Sunday, May 17, 2020

LOCKDOWN CASTELLDEFELS - DAY 63 – Sunday, 17th May




Today is, apparently, the last day of the daily ritual of applauding the front line workers at 8pm.  Is this a significant moment?  Why are we stopping?  The virus is still killing and infecting and, while the numbers are decreasing, there is no real end in sight for Covid-19 in Spain.

     I can understand the need for progress and also the need to give confidence and assurance to a population that is truly fed up with the lockdown.  But, and it’s a big but, the virus is not confined by borders or political pronouncements.  Reactions to the virus can be spun, but the reality of infection and death transcend spin – as I fear we will discover in a couple of weeks time when the full effects of the loosening of the restrictions become clear.

     As the weather gets steadily warmer people are becoming more relaxed about the dangers of the virus.  Youngsters are acting as if they are immune and the very young, usually with their parents, are rarely masked.  I think that there is a real problem with the basic knowledge of transmission.  There was a very revealing piece of film where a group of people went to a buffet with one of the group having a small amount of colourless fluorescent paint cupped in his hand.  The group had their meal and then they were checked with a UV light to see how many had evidence of the paint.  It was everywhere: hands, faces, tables, glasses, clothes, everywhere!  If kids are asymptomatic you cannot expect them to behave in a way that is going to limit infection.  And without testing we are running on a prayer anyway.
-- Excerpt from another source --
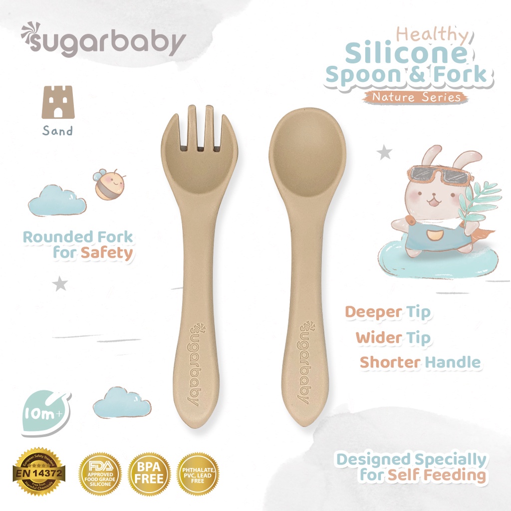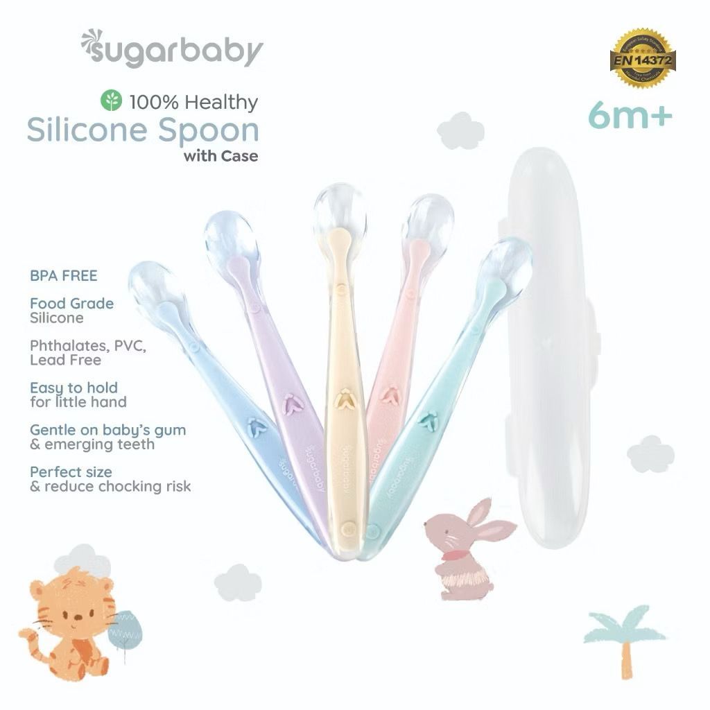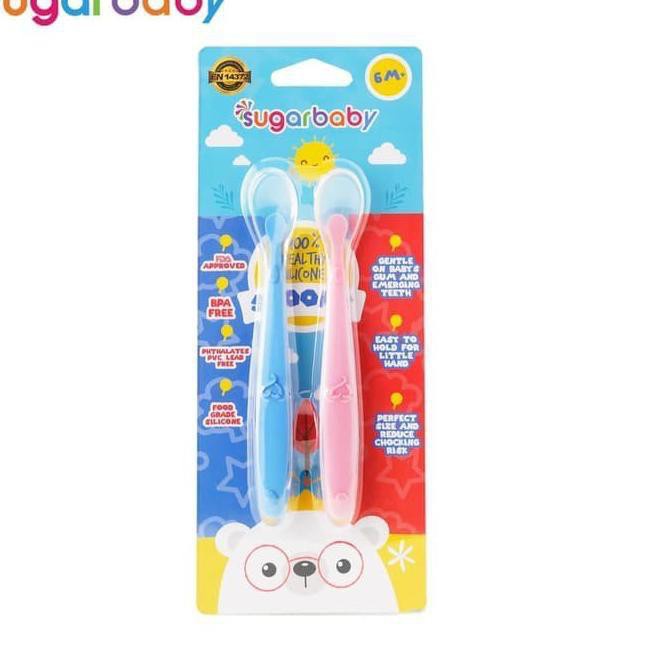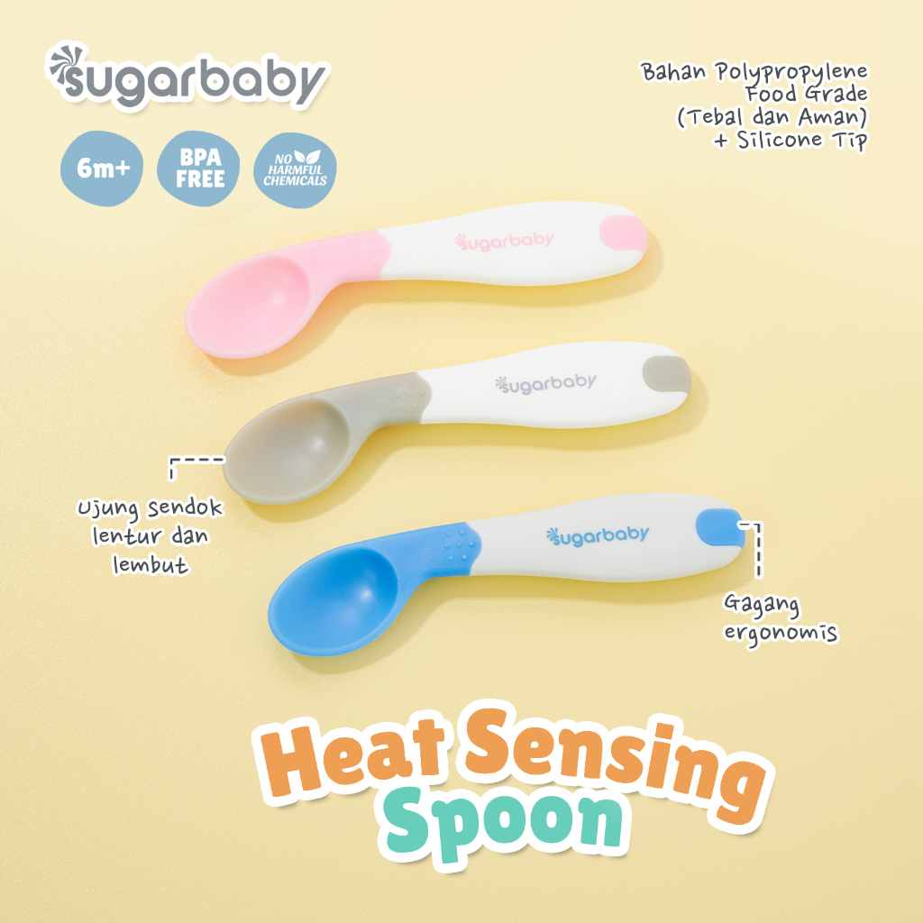 Sugar Baby Heat Sensing Spoon / Peralatan Makan Bayi / Alat Makan Bayi Healthy Silicone Spoons 2 Set Blue Pink Sendok Makan Bayi SugarBaby

I took my part in the last 8pm clap for the front line workers.  It may be my sentimentality, but I thought that there were more of us this evening than usual.  I wonder if our little neighbourhood will take any notice of the ‘last’ element of the clap and just go on doing it regardless.  After all, the thanks are still due because the situation is still there.  And even if we didn’t have the bloody Covid-19, health workers are worth applauding anyway!



Tomorrow is the penultimate video lesson of the Catalan course that has been interrupted by the virus.  I cannot, with the best will in the world, say that the lessons have been a success and I think that most learners and teachers have written off the rest of this year.  As our little school is for adult education I think that many of the ‘students’ are apprehensive about social distancing and they have written off the year already.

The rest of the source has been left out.